Parallel Lexing. - Githubissues

WilliamDue commented 1 year ago

Currently only the RegEx can be parsed, the NFA will be needed to be constructed next.

athas commented 1 year ago

Implementing the NFA/DFA translation as a learning exercise is a good idea, but don't get too optimistic: the real challenge is how to execute an arbitrary NFA (or DFA) in parallel.

WilliamDue commented 1 year ago

@athas can you help me out? I am using the lastest version of Futhark (26.0 prerelease from today). When I generate json.fut using cabal run alpacc -- grammars/json.cg -k 3 and open the file in the REPL futhark repl json.fut and do parser.transitions "test" |> parser.solve_transitions I get the error.

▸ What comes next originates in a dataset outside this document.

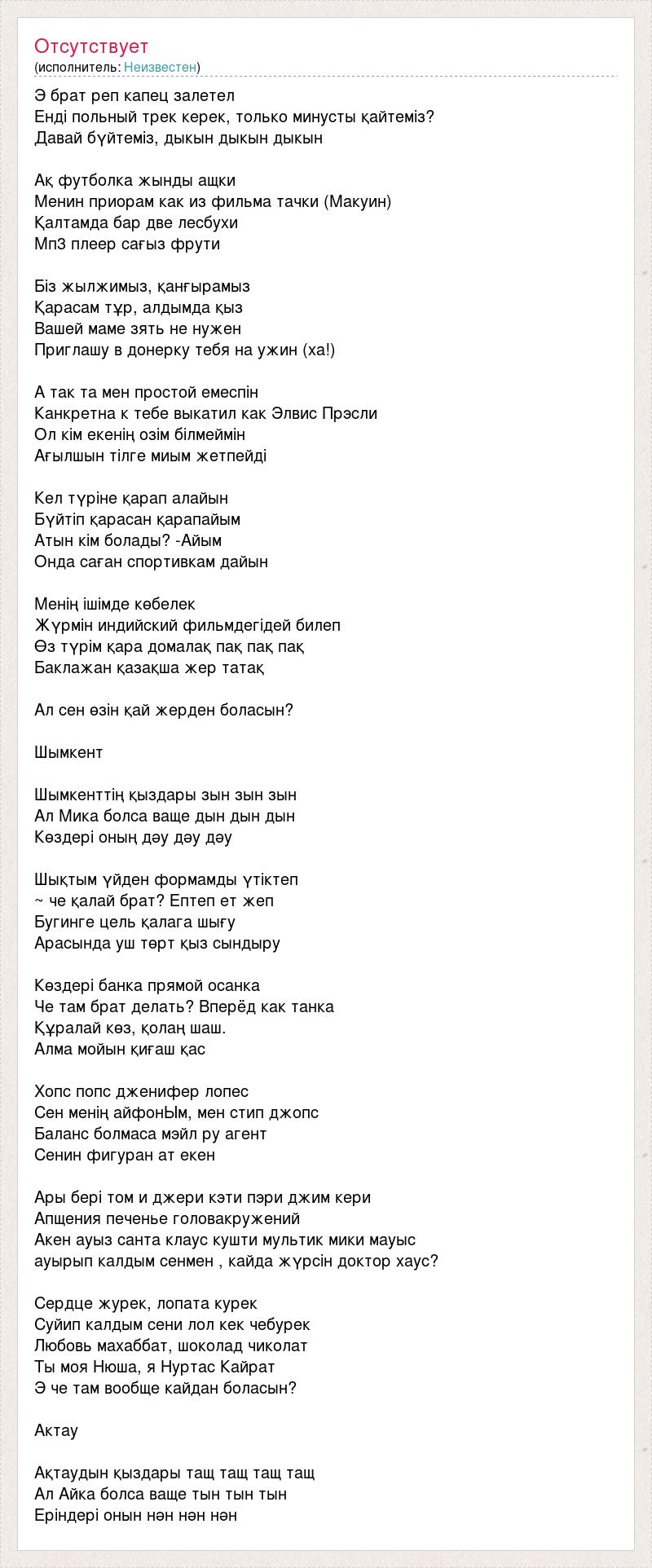 Э брат реп капец залетел Енді польный трек керек, только минусты қайтеміз? Давай бүйтеміз, дыкын дыкын дыкын Ақ футболка жынды ащки Менин приорам как из фильма тачки (Макуин) Қалтамда бар две лесбухи Мп3 плеер сағыз фрути Біз жылжимыз, қанғырамыз Қарасам тұр, алдымда қыз Вашей маме зять не нужен Приглашу в донерку тебя на ужин (ха!) А так та мен простой емеспін Канкретна к тебе выкатил как Элвис Прэсли Ол кім екенің озім білмеймін Ағылшын тілге миым жетпейді Кел түріне қарап алайын Бүйтіп қарасан қарапайым Атын кім болады? -Айым Онда саған спортивкам дайын Менің ішімде көбелек Жүрмін индийский фильмдегідей билеп Өз түрім қара домалақ пақ пақ пақ Баклажан қазақша жер татақ Ал сен өзін қай жерден боласын? Шымкент Шымкенттің қыздары зын зын зын Ал Мика болса ваще дын дын дын Көздері оның дәу дәу дәу Шықтым үйден формамды үтіктеп ~ че қалай брат? Ептеп ет жеп Бугинге цель қалага шығу Арасында уш төрт қыз сындыру Көздері банка прямой осанка Че там брат делать? Вперёд как танка Құралай көз, қолаң шаш. Алма мойын қиғаш қас Хопс попс дженифер лопес Сен менің айфонЫм, мен стип джопс Баланс болмаса мэйл ру агент Сенин фигуран ат екен Ары бері том и джери кэти пэри джим кери Апщения печенье головакружений Акен ауыз санта клаус кушти мультик мики мауыс ауырып калдым сенмен , кайда жүрсін доктор xаус? Сердце журек, лопата курек Суйип калдым сени лол кек чебурек Любовь махаббат, шоколад чиколат Ты моя Нюша, я Нуртас Кайрат Э че там вообще кайдан боласын? Актау Ақтаудын қыздары тащ тащ тащ тащ Ал Айка болса ваще тын тын тын Еріндері онын нән нән нән

Internal compiler error (unhandled IO exception).
Please report this at https://github.com/diku-dk/futhark/issues
transitions_size is not bound to a value.

CallStack (from HasCallStack):
  error, called at src/Language/Futhark/Interpreter.hs:654:7 in futhark-0.26.0-8TxRAg15nJlFGbXOt63c7o:Language.Futhark.Interpreter

Should I listen to the error or is there something else at play.

athas commented 1 year ago

You should listen to the error. It is a compiler bug, as the errors explicitly tells you. My guess is a corner case in the interpreter.

WilliamDue commented 1 year ago

@athas I think I am a bit stuck, and wondered if you could help me out. I am able to construct a table like the one in figure 5 [1] which gives the transitions taken in the DFA. An example of doing so is creating the S-expression grammar cabal run alpacc -- grammars/sexp.cg and entering the REPL with.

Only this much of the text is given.